-- COLLECTED MATERIAL --
::::::::
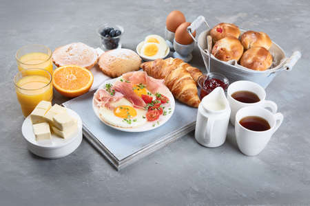 Various traditional breakfast food - fried eggs with bacon, muesli, oats, waffles, pancakes, burger, croissants, fruit berry, coffee, tea and orange juice, white table background copy space top view
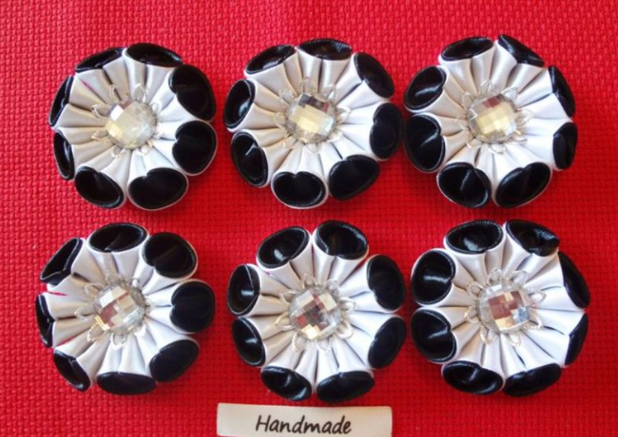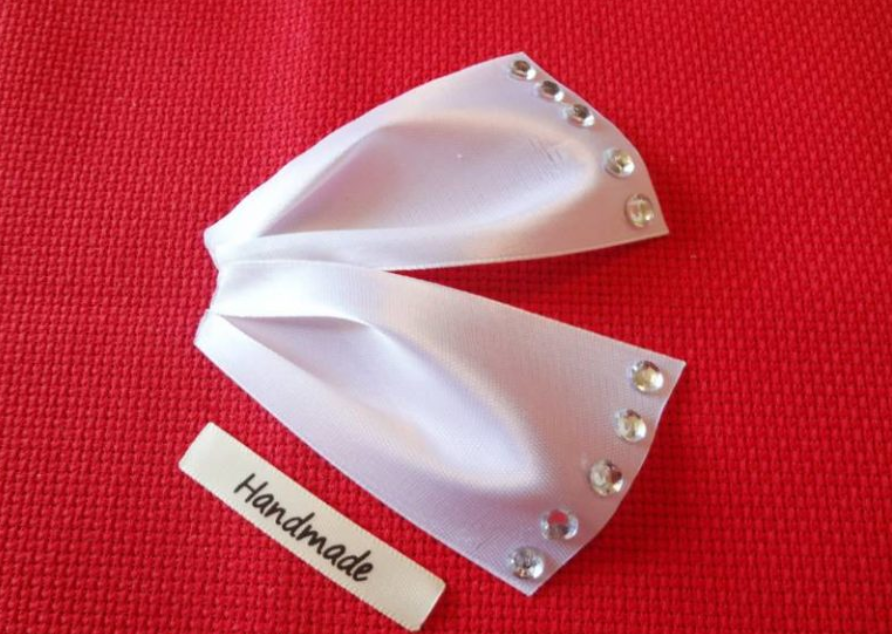 В дополнение к белым бантам канзаши можно придумать несколько вариантов серединок, закрывающих швы и стыки склеенных лепестков. Это блестящие камушки или полубусинки, вставленные в металлические держатели, стразы, которые просто приклеиваются на материал, целые бусинки или пуговицы, которые пришиваются нитками. Для маленькой девочки можно сделать мультяшные акриловые бусинки, например, Хеллоу Китти. Подойдут и другие акриловые детальки – бабочки, сердечки, цветочки. Красиво будет смотреться шамбала круглая и блестящая.
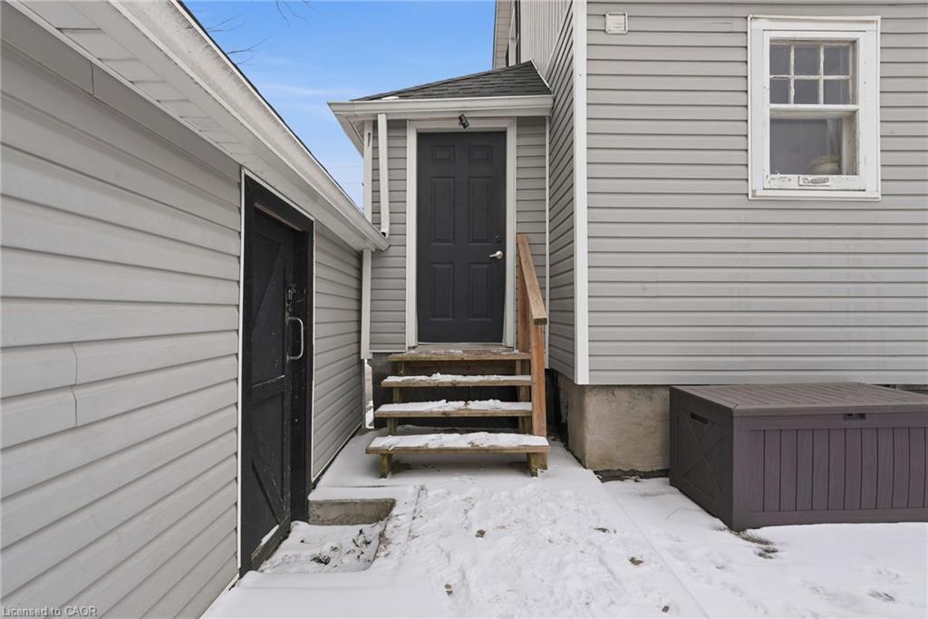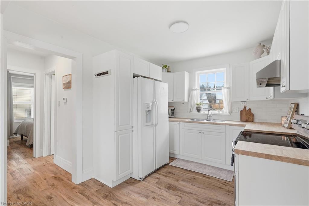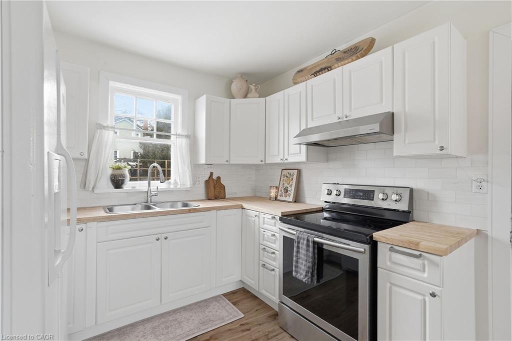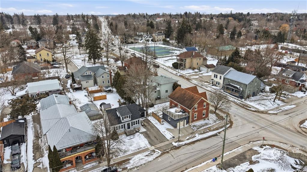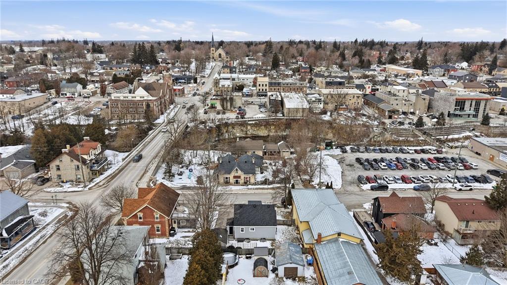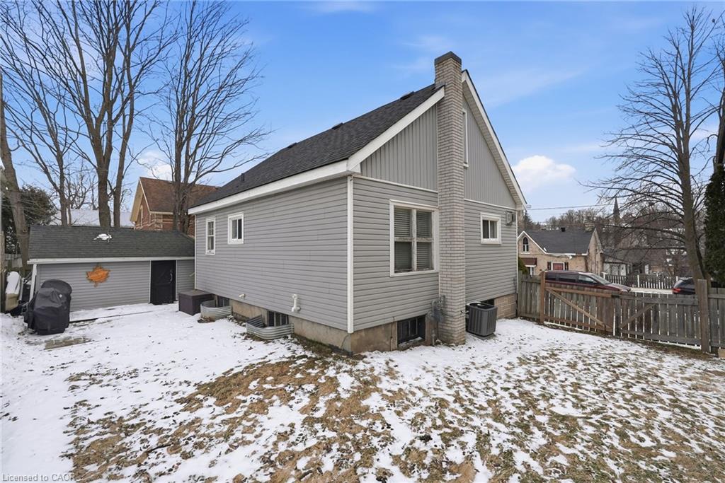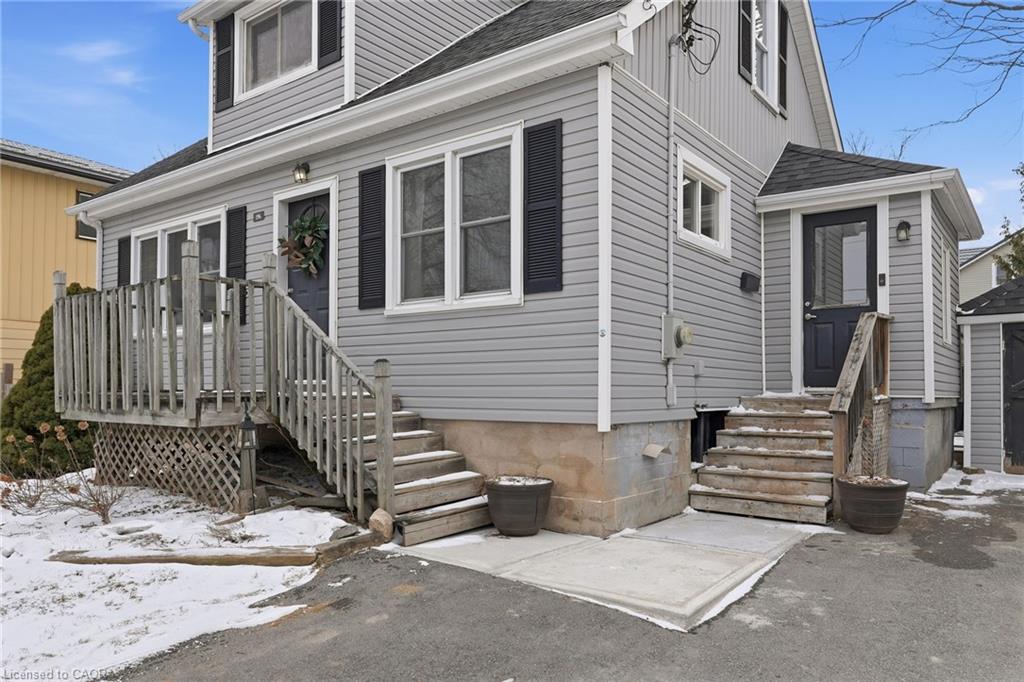 A fantastic opportunity to own a character home in an unbeatable location. This charming 1.5-storey home offers incredible curb appeal and a lifestyle that’s hard to beat. Featuring 3 bedrooms and 1 bath, this beautifully updated home has been preserved with its elegant original charm, and features large baseboard trim throughout. Also including a detached garage with hydro and a recently updated, highly convenient mudroom. The bright kitchen showcases brand-new butcher block countertops and brand new classic subway tile backsplash, opening seamlessly into the spacious dining area-perfect for everyday living and entertaining . The sun-filled living room is warm and inviting, complete with a cozy gas fireplace (2021).The main floor offers the added benefit of a primary bedroom and a full 3-piece bath, ideal for those seeking the convenience of main-level living. Upstairs, you’ll find two generously sized bedrooms along with a charming office nook that looks over the downtown core and offers potential to be converted into a 2-piece bathroom. The partially finished lower level provides additional living space with a comfortable TV/lounge area, plus a laundry room and ample storage. Step outside to enjoy the private patio area, perfect for relaxing or entertaining guests. Located just a short stroll to the vibrant downtown core, you’ll enjoy easy access to pubs, restaurants, boutique shops, and cafés, all while taking in beautiful views of the Grand River just a short stroll away. Key Updates Include: New waterproofing and weeping tile (2018), furnace (2021), A/C (2018), fireplace (2021), and water softener (Owned – 2017), Hot Water Tanks ( Rental – 2026), Recently updated with fresh paint on all trim and doors (2026)
::::::::
Please output all the data exactly as given, with the pictures omitted.

 Various traditional breakfast food - fried eggs with bacon, muesli, oats, waffles, pancakes, burger, croissants, fruit berry, coffee, tea and orange juice, white table background copy space top view
 В дополнение к белым бантам канзаши можно придумать несколько вариантов серединок, закрывающих швы и стыки склеенных лепестков. Это блестящие камушки или полубусинки, вставленные в металлические держатели, стразы, которые просто приклеиваются на материал, целые бусинки или пуговицы, которые пришиваются нитками. Для маленькой девочки можно сделать мультяшные акриловые бусинки, например, Хеллоу Китти. Подойдут и другие акриловые детальки – бабочки, сердечки, цветочки. Красиво будет смотреться шамбала круглая и блестящая.
 A fantastic opportunity to own a character home in an unbeatable location. This charming 1.5-storey home offers incredible curb appeal and a lifestyle that’s hard to beat. Featuring 3 bedrooms and 1 bath, this beautifully updated home has been preserved with its elegant original charm, and features large baseboard trim throughout. Also including a detached garage with hydro and a recently updated, highly convenient mudroom. The bright kitchen showcases brand-new butcher block countertops and brand new classic subway tile backsplash, opening seamlessly into the spacious dining area-perfect for everyday living and entertaining . The sun-filled living room is warm and inviting, complete with a cozy gas fireplace (2021).The main floor offers the added benefit of a primary bedroom and a full 3-piece bath, ideal for those seeking the convenience of main-level living. Upstairs, you’ll find two generously sized bedrooms along with a charming office nook that looks over the downtown core and offers potential to be converted into a 2-piece bathroom. The partially finished lower level provides additional living space with a comfortable TV/lounge area, plus a laundry room and ample storage. Step outside to enjoy the private patio area, perfect for relaxing or entertaining guests. Located just a short stroll to the vibrant downtown core, you’ll enjoy easy access to pubs, restaurants, boutique shops, and cafés, all while taking in beautiful views of the Grand River just a short stroll away. Key Updates Include: New waterproofing and weeping tile (2018), furnace (2021), A/C (2018), fireplace (2021), and water softener (Owned – 2017), Hot Water Tanks ( Rental – 2026), Recently updated with fresh paint on all trim and doors (2026)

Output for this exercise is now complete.